Susan Tifft, a popular professor of journalism and public policy at Duke University from 1998 through 2009, died today at her home in Cambridge, Mass., after a 2½-year battle with uterine cancer. She was 59.

 

 "Susan was a wonderful educator, a brilliant mind, and an even dearer friend. We will sorely miss her presence in our lives," said Bruce Kuniholm, dean of the Sanford School of Public Policy at Duke.

 

 "She was a gifted writer who amazed all of us with her wit and clarity and as she narrated her courageous journey through a series of increasingly difficult cancer treatments," Kuniholm said. "But her greatest legacy is her consummate gift for teaching. She challenged and inspired her students, many of whom followed her example and pursued careers in journalism."

 

 Students consistently gave Tifft high marks in the classroom for her ability to challenge them, set high expectations and give them effective feedback. The Sanford School established an undergraduate teaching award in Tifft's name last year. The first award recipient is to be named at this year's graduation ceremony.

 

 "There is nothing Duke or Sanford could have done that would have pleased or honored me more," Tifft said at the time. "I have loved being a journalist and author, and still get a kick out of seeing my byline, but I have come to treasure teaching more. Nothing compares to the thrill of one mind meeting another, or the light bulb going off in a student's head."

 

 The Sanford School also has established in her honor the Susan E. Tifft Fund for Teaching and Mentorship, which will support research by students in classes offered by the school's DeWitt Wallace Center for Media and Democracy or students working with the center's faculty.

 

 Tifft, a 1973 Duke graduate and former young trustee, returned to campus in 1998 as the Eugene C. Patterson Professor of the Practice of Journalism at the DeWitt Wallace Center for Media and Democracy. She and her husband, Alex Jones, shared the Patterson chair until the fall of 2000, when Tifft became the sole Patterson professor.

 

 Tifft served as an adviser to The Chronicle, the Duke student newspaper, and also served on the advisory board of Duke Magazine since the board was created in 1983.

 

"At that time it was considered a bold thing to do to have professional journalists guide an alumni magazine," said editor Bob Bliwise, adding the magazine's quality is due in part to "Susan's consistent, strong-minded advice about the imperative to adhere to standards of professional journalism."

Tifft is the co-author, with Jones, of "The Trust: The Private and Powerful Family Behind The New York Times" (Little Brown, 1999), which won the A.M. Sperber Award for Exceptional Achievement in Writing and Research and was a finalist for the National Book Critics Circle Award in biography.

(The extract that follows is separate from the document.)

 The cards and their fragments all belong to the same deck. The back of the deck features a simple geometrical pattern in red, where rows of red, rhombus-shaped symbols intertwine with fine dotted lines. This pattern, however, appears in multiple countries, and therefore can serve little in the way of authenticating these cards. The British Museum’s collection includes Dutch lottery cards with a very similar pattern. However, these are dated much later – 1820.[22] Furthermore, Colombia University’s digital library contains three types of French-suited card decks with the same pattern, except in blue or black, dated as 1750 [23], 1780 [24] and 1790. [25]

Her first biography, also co-authored with Jones, was "The Patriarch: The Rise and Fall of the Bingham Dynasty," an acclaimed biography of the family behind the Louisville newspapers (Summit Books, 1991).

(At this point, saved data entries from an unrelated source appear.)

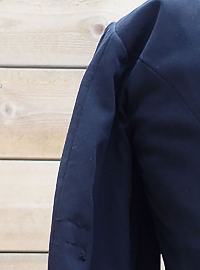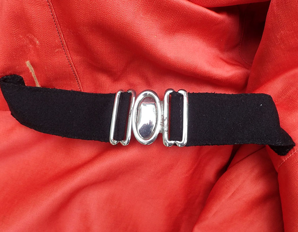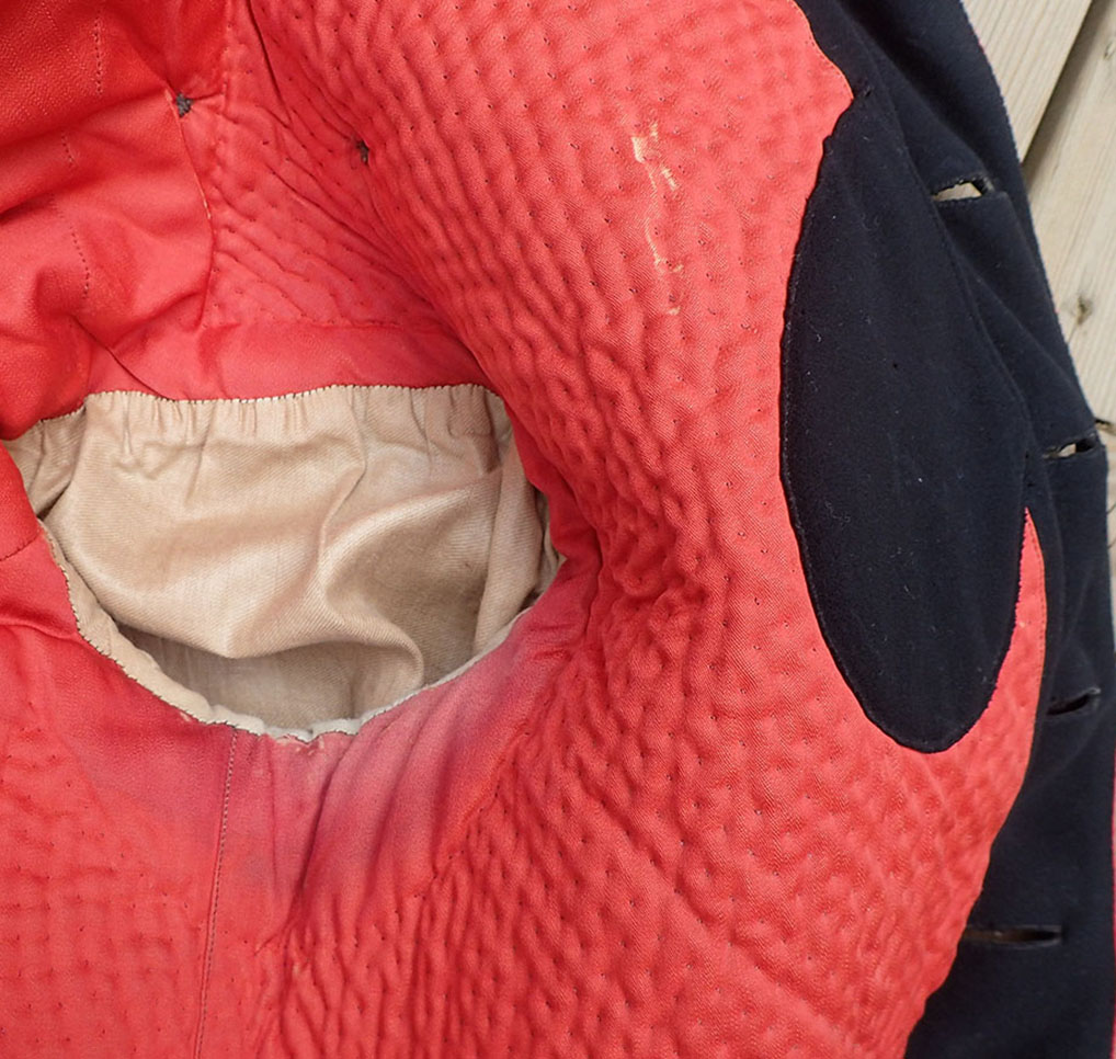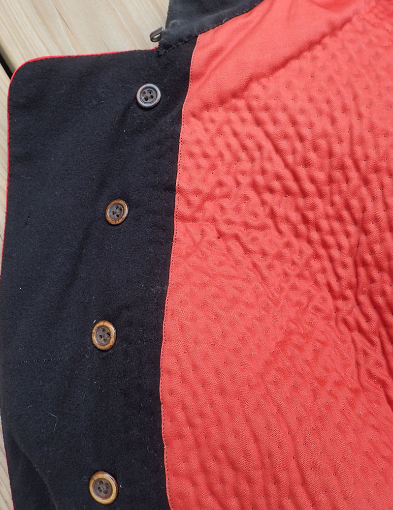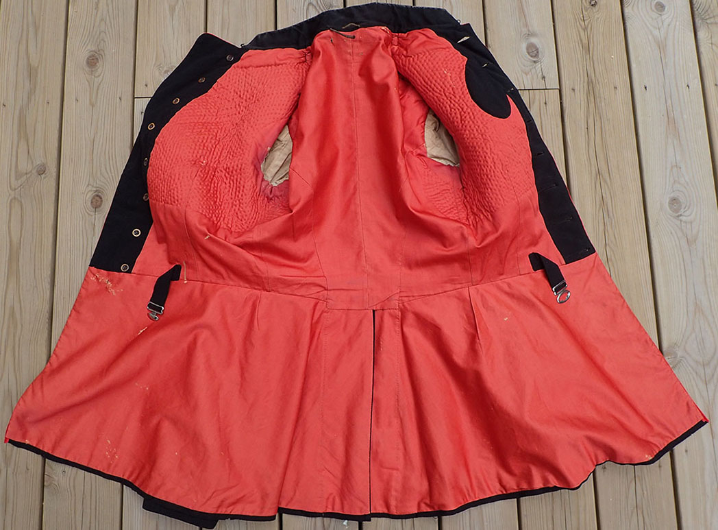 Innvendig med rød bomullsfòr og vatert på øvre del. I armene beige fòr. Med klokkelomme og magebelte.
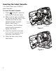 Inserting the Label Cassette Your label maker uses DYMO D1 label cassettes. To insert the label cassette 1 Press and pull to open the side cover of the label maker. 2 Make sure the tape and ribbon are taut across the mouth of the cassette and that the tape passes between the label guides. See Figure 3. If necessary, turn the ribbon rewind spool clockwise to tighten the ribbon.
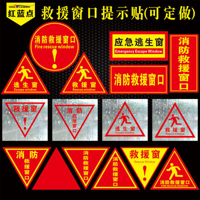 消防救援窗标识应急逃生窗标识贴纸紧急救援窗口标志提示牌可定制双面红色三角形透明玻璃指示贴背胶正面带胶 虎窝淘
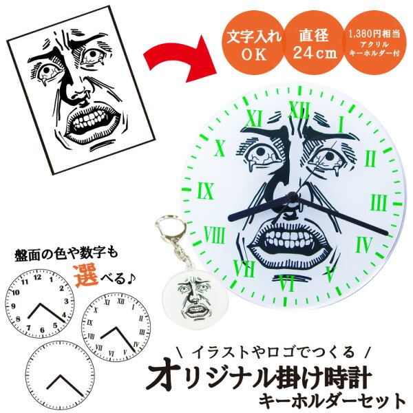 ◆時計部分 アクリル 直径約240mm 厚さ約5mm ◆時計部分 SEIKO製 単3電池1本使用(別売り) ◆アクリルキーホルダー1個 アクリル サイズ(約):40mm×40mm 厚さ約3mm キーホルダーのタイプはお選びいただけます(2重リング・ナスカン・ボールチェーン) オリジナル掛け時計は、大切な方への贈り物や記念品にぴったり! おじいちゃんやおばあちゃん、家族へのプレゼントに! 個人も企業様もOK。
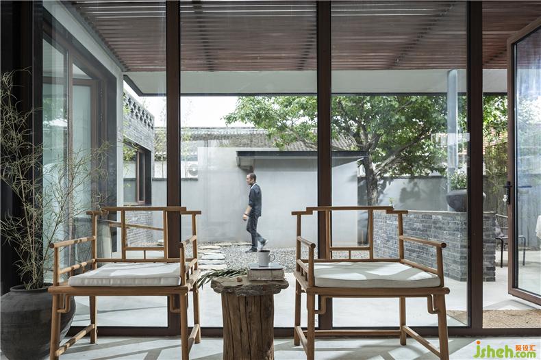 為了實現(xiàn)庭院視覺的穿透性和連貫性,建筑師以大面積玻璃作為首層南北立面的主要材料,置身室內(nèi),可觀春華秋實、晨昏霧靄,聽雨打石板地的清脆聲響,讓自然風光成為生活風景。而這種開放又與院外相隔,充分保障了居住空間的私密性,室內(nèi)設計師這也是對傳統(tǒng)民居內(nèi)向性審美的一種延續(xù)。

At the time of her diagnosis, she had begun work on a book about the longevity revolution and women's special place in it. After taking a medical leave, she returned to the classroom for the 2008-09 academic year.

From 1982 to 1991 she was a national writer and associate editor for TIME Magazine, where she wrote major articles on politics, economics, foreign affairs and education.

Before becoming a journalist, Tifft was a press secretary for the Federal Election Commission and the 1980 Democratic National Convention, and a speechwriter for the Carter-Mondale campaign. She also served as director of public affairs for the Urban Institute.